_EXERCISE DETAILS_:
Output each line of the data below exactly, omitting any image.

Excerpts from a dataset
□ □ □ □ □ □ □
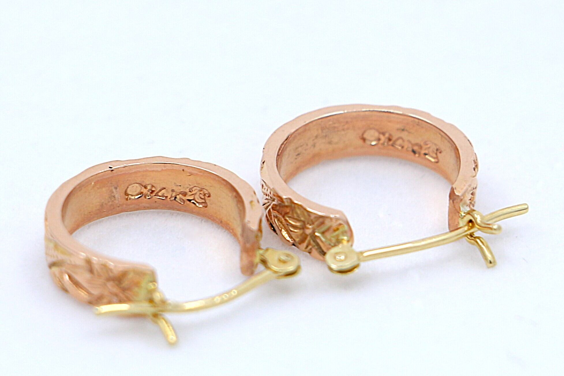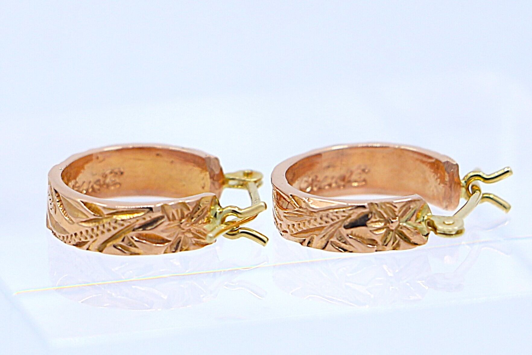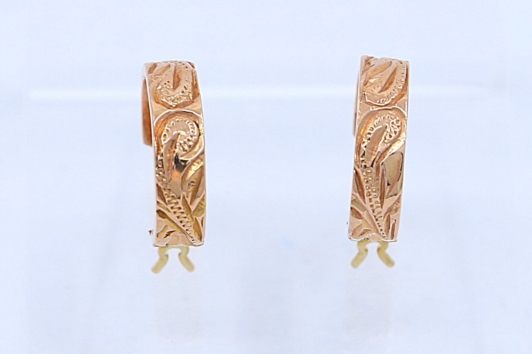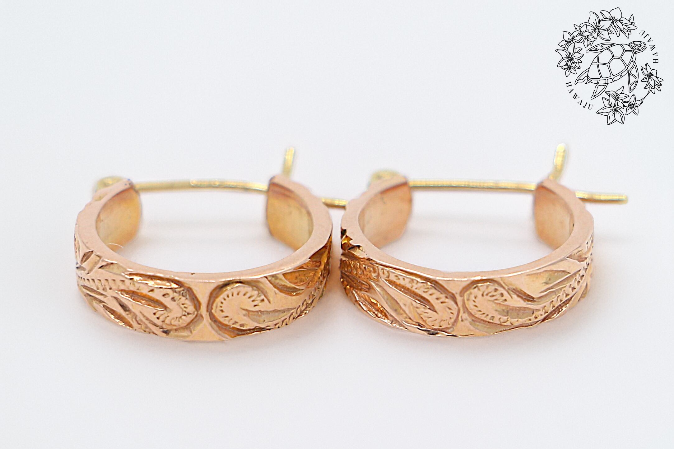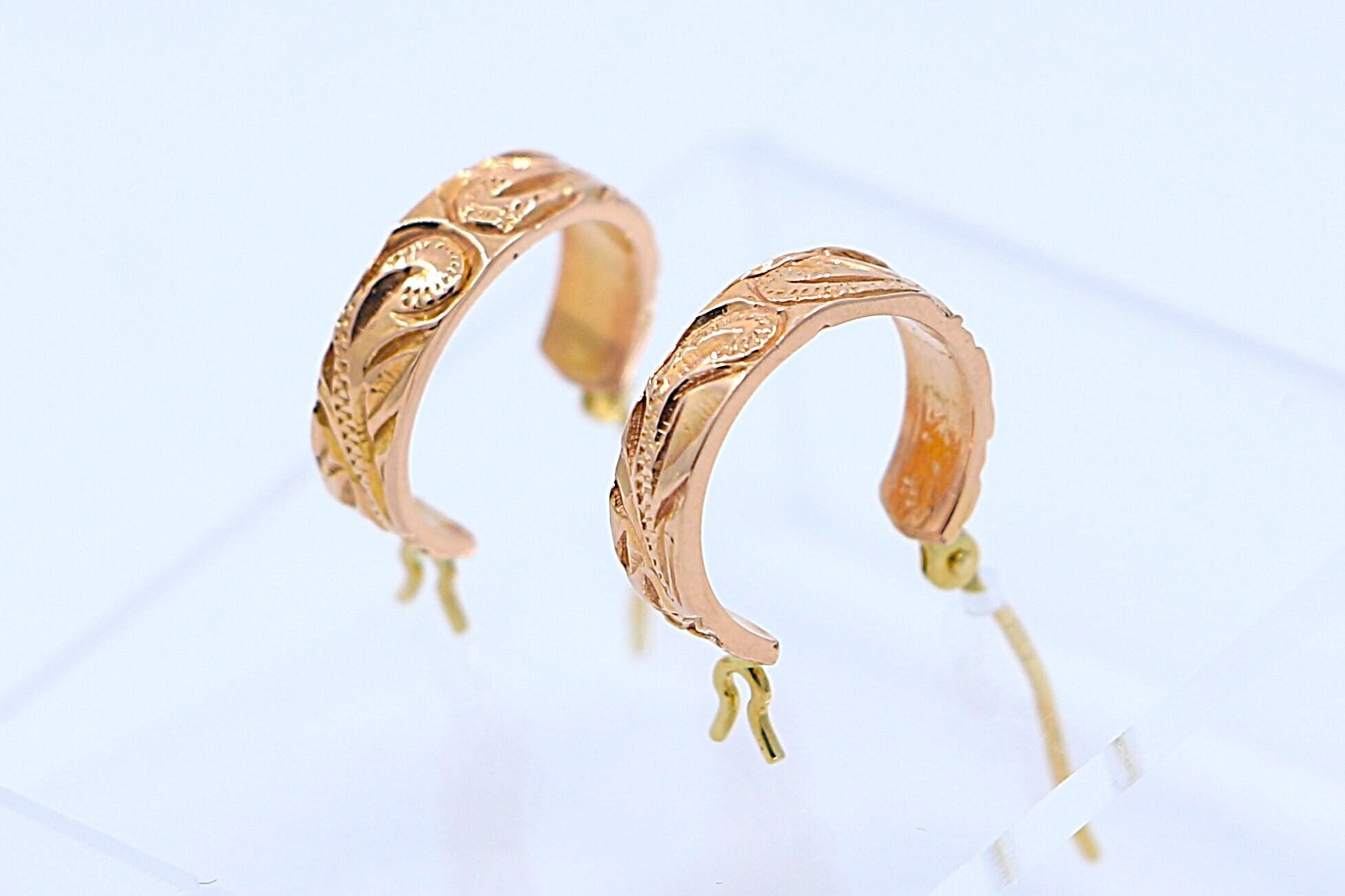 この14Kピンクゴールドのピアスは、ハワイアンジュエリーの伝統を受け継いだ繊細なヘリテイジデザインの彫刻が魅力の逸品です。熟練の職人による手彫りの模様が、上品で優雅な輝きを放ちます。温かみのあるピンクゴールドの色合いが肌になじみやすく、耳元に華やかなアクセントを加えます。
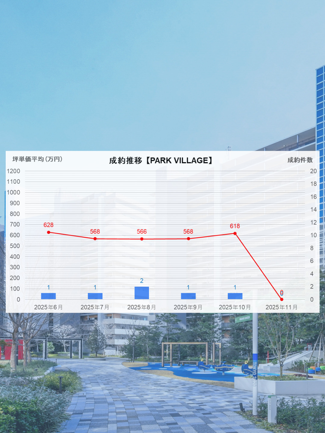 HARUMI FLAGの板状(低層)棟全体では先月の成約件数は10月から大きく落ち込み2件、成約平均坪単価も微減の627万円でした。
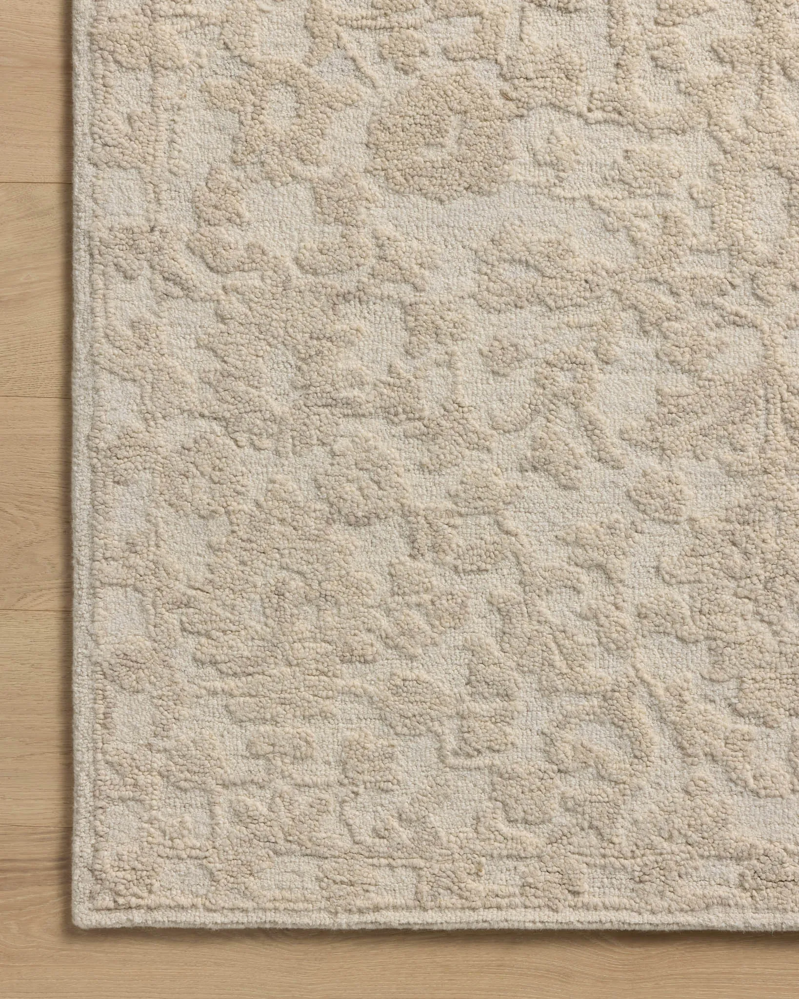 The Prudence Collection is a hand-tufted area rug made of soft, space-dyed wool and cotton, which lends a subtle gradation of color throughout the floral design. The rugs background is low-looped, while the pattern is made with a chunky, higher loop to create even more depth in this sophisticated design. This collection is hand-tufted of wool and cotton in India and Goodweave-certified, ensuring our commitment to ethical production and the support of weavers communities.
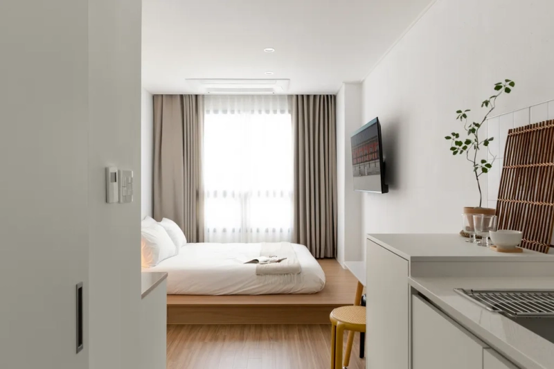 익선동 감성의 레지던스로 침대·세탁기·전자레인지 등 생활가전이 완비되어 있습니다. 관리비 무료, 카페거리 인접으로 생활이 편리합니다.
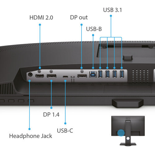 The PD2705Q features In-Plane Switching (IPS) technology, an anti-glare screen coating, 8-bit support for 16.7 million colors, a widescreen 16:9 aspect ratio, a static contrast ratio of 1000:1, a 300 cd/m2 brightness rating, 109 ppi, a Delta E 3, and a 5 ms (GtG) response time. Using the 178° horizontal and vertical viewing angles, it is possible to watch content from virtually any position. There is also one HDMI 2.0 input, one DisplayPort 1.4 input, and one DisplayPort output for daisy-chaining multiple displays together using MST (multi-stream transport) technology. Additional connectivity includes four USB-A ports, one USB Type-B port, and one USB-C port that supports DisplayPort, data transfers, and up to 65W of power. Audio can be output using the dual integrated 2W speakers or the 3.5mm headphone jack.
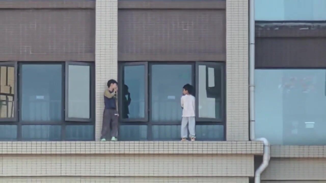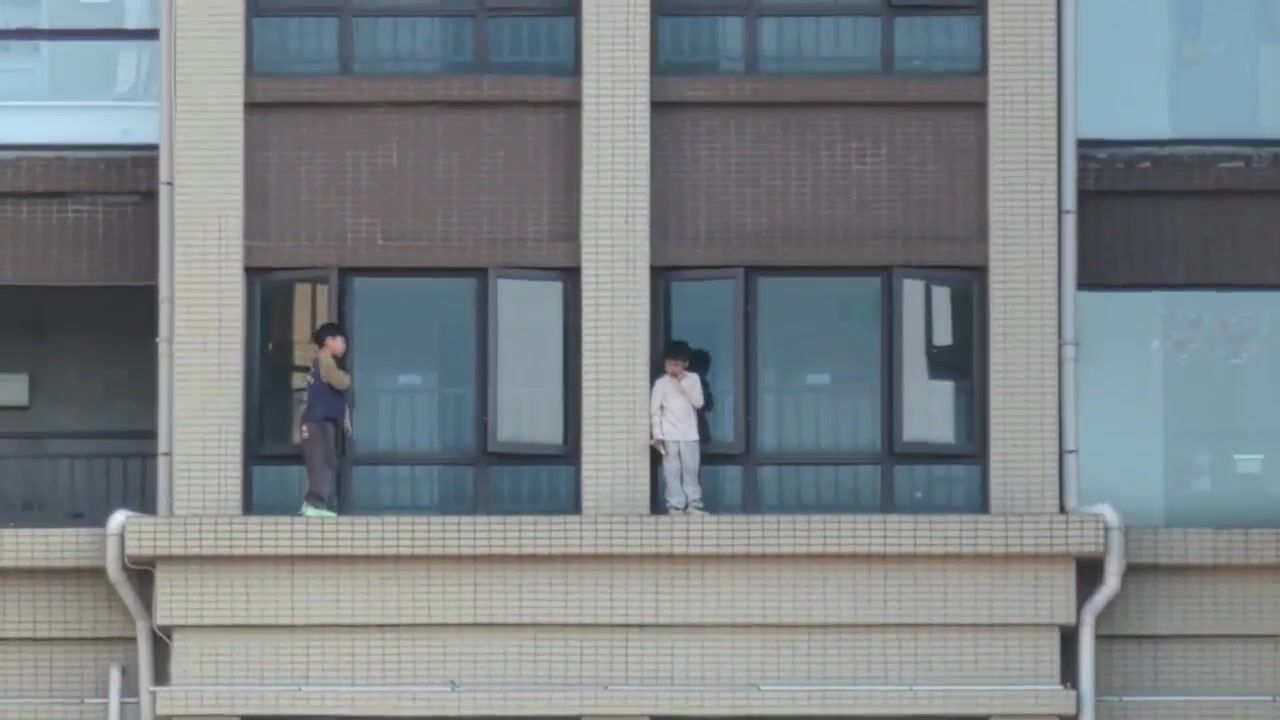 Heart-stopping video shows kids walking outside railing on highrise balcony
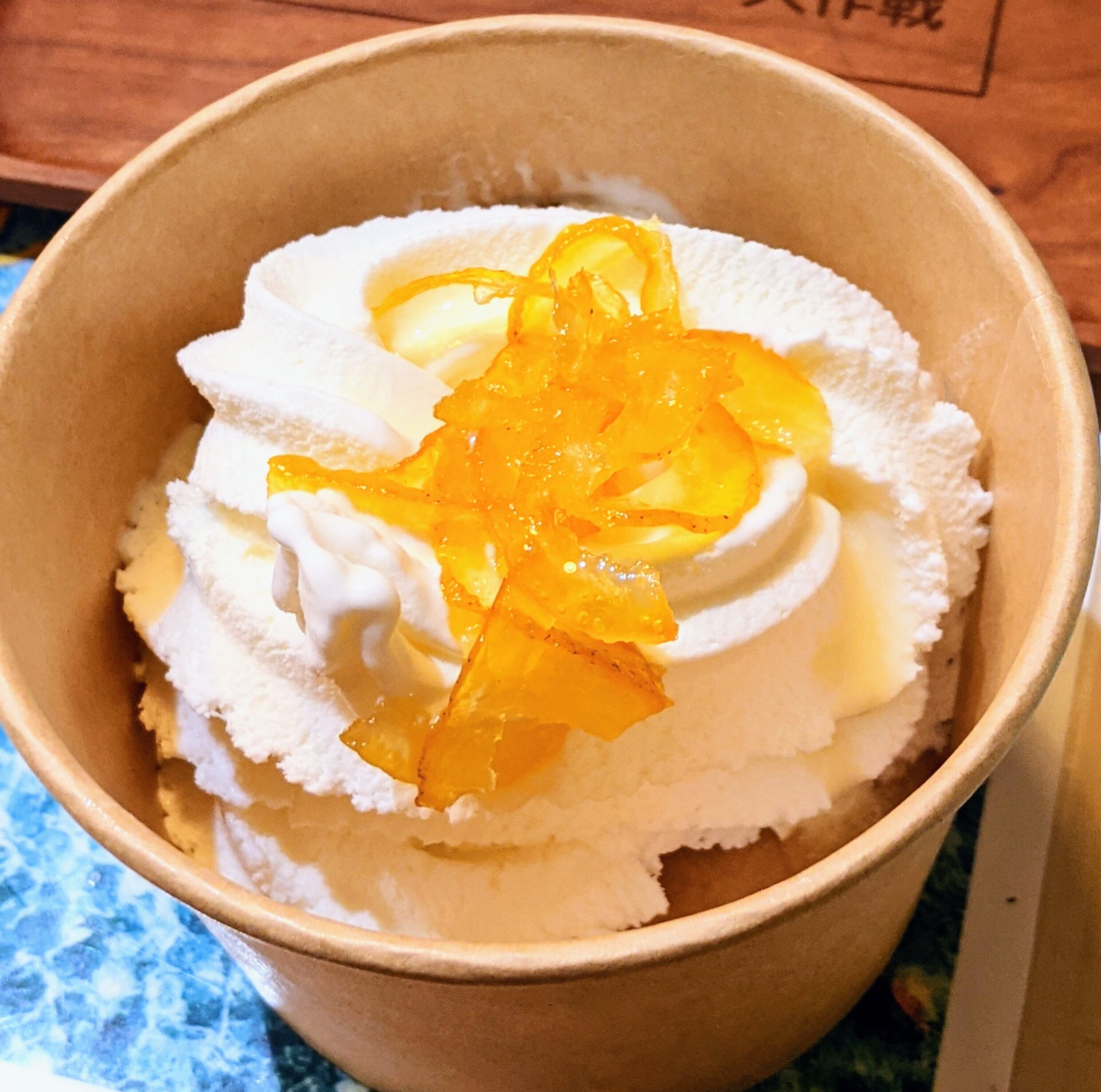 ※写真2枚目はソフトクリームにゆず皮をスライスし乗せ、烏山椒の花のはちみつをかけた写真です。
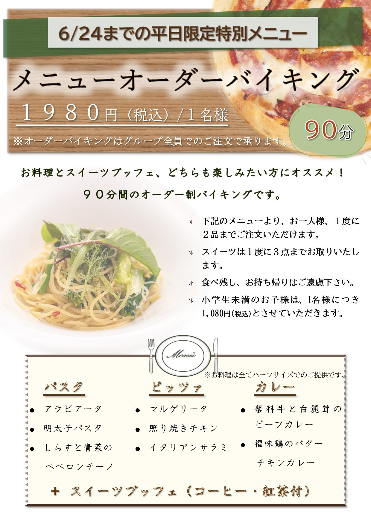 6/24までの平日限定でメニューオーダーバイキング、始めます!!🍝🍕🍛🍰✨
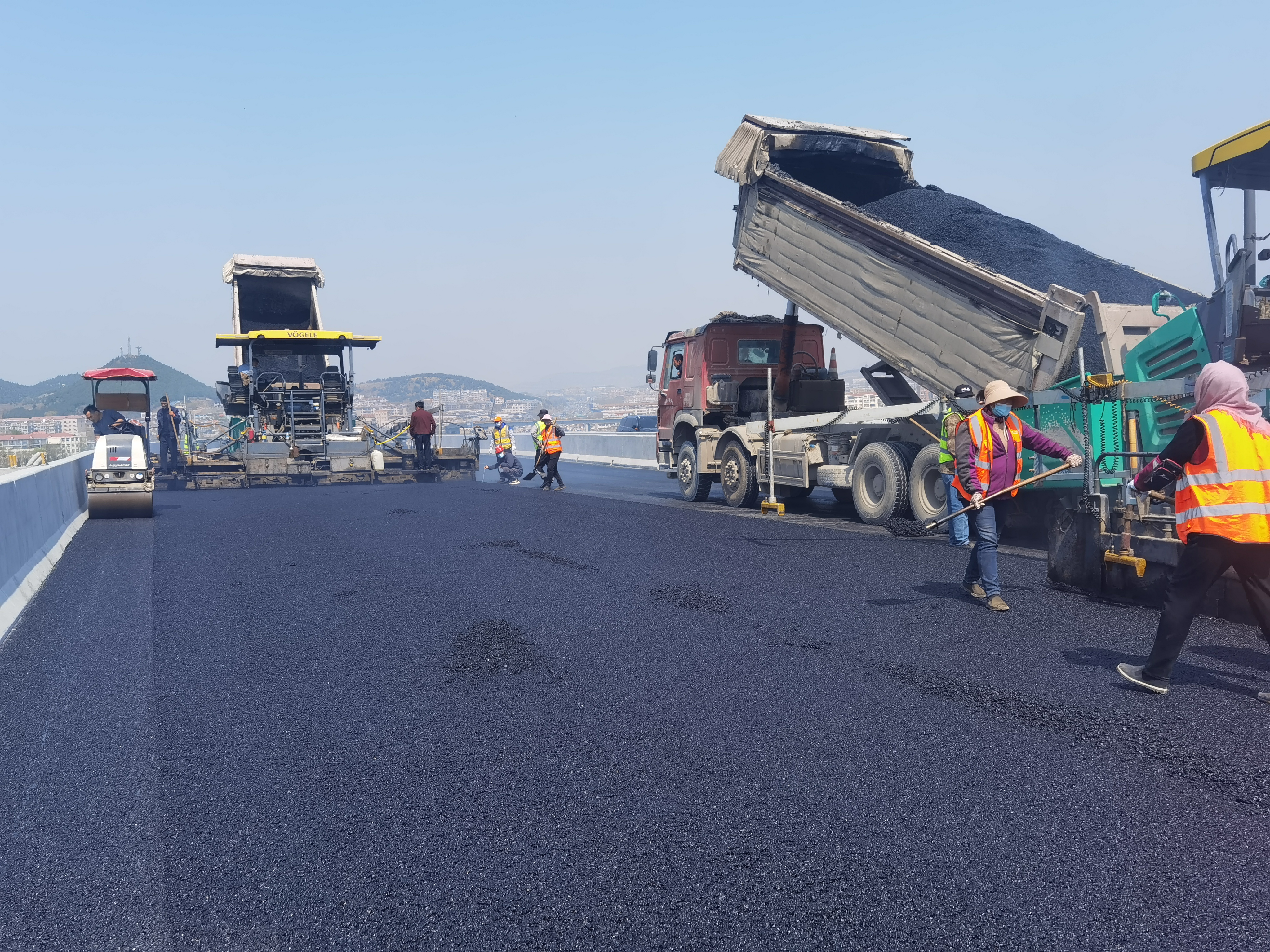 整個面層瀝青攤鋪采用“四機連鋪”、24小時連續(xù)攤鋪作業(yè)。項目2套瀝青拌合站24小時“火力全開”,人力、物力投入的“翻倍數(shù)”和路面攤鋪施工“三班倒”,跑出了工程建設(shè)“加速度”。
□ □ □ □ □ □ □
_EXERCISE RESPONSE_:
 この14Kピンクゴールドのピアスは、ハワイアンジュエリーの伝統を受け継いだ繊細なヘリテイジデザインの彫刻が魅力の逸品です。熟練の職人による手彫りの模様が、上品で優雅な輝きを放ちます。温かみのあるピンクゴールドの色合いが肌になじみやすく、耳元に華やかなアクセントを加えます。
 HARUMI FLAGの板状(低層)棟全体では先月の成約件数は10月から大きく落ち込み2件、成約平均坪単価も微減の627万円でした。
 The Prudence Collection is a hand-tufted area rug made of soft, space-dyed wool and cotton, which lends a subtle gradation of color throughout the floral design. The rugs background is low-looped, while the pattern is made with a chunky, higher loop to create even more depth in this sophisticated design. This collection is hand-tufted of wool and cotton in India and Goodweave-certified, ensuring our commitment to ethical production and the support of weavers communities.
 익선동 감성의 레지던스로 침대·세탁기·전자레인지 등 생활가전이 완비되어 있습니다. 관리비 무료, 카페거리 인접으로 생활이 편리합니다.
 The PD2705Q features In-Plane Switching (IPS) technology, an anti-glare screen coating, 8-bit support for 16.7 million colors, a widescreen 16:9 aspect ratio, a static contrast ratio of 1000:1, a 300 cd/m2 brightness rating, 109 ppi, a Delta E 3, and a 5 ms (GtG) response time. Using the 178° horizontal and vertical viewing angles, it is possible to watch content from virtually any position. There is also one HDMI 2.0 input, one DisplayPort 1.4 input, and one DisplayPort output for daisy-chaining multiple displays together using MST (multi-stream transport) technology. Additional connectivity includes four USB-A ports, one USB Type-B port, and one USB-C port that supports DisplayPort, data transfers, and up to 65W of power. Audio can be output using the dual integrated 2W speakers or the 3.5mm headphone jack.
 Heart-stopping video shows kids walking outside railing on highrise balcony
 ※写真2枚目はソフトクリームにゆず皮をスライスし乗せ、烏山椒の花のはちみつをかけた写真です。
 6/24までの平日限定でメニューオーダーバイキング、始めます!!🍝🍕🍛🍰✨
 整個面層瀝青攤鋪采用“四機連鋪”、24小時連續(xù)攤鋪作業(yè)。項目2套瀝青拌合站24小時“火力全開”,人力、物力投入的“翻倍數(shù)”和路面攤鋪施工“三班倒”,跑出了工程建設(shè)“加速度”。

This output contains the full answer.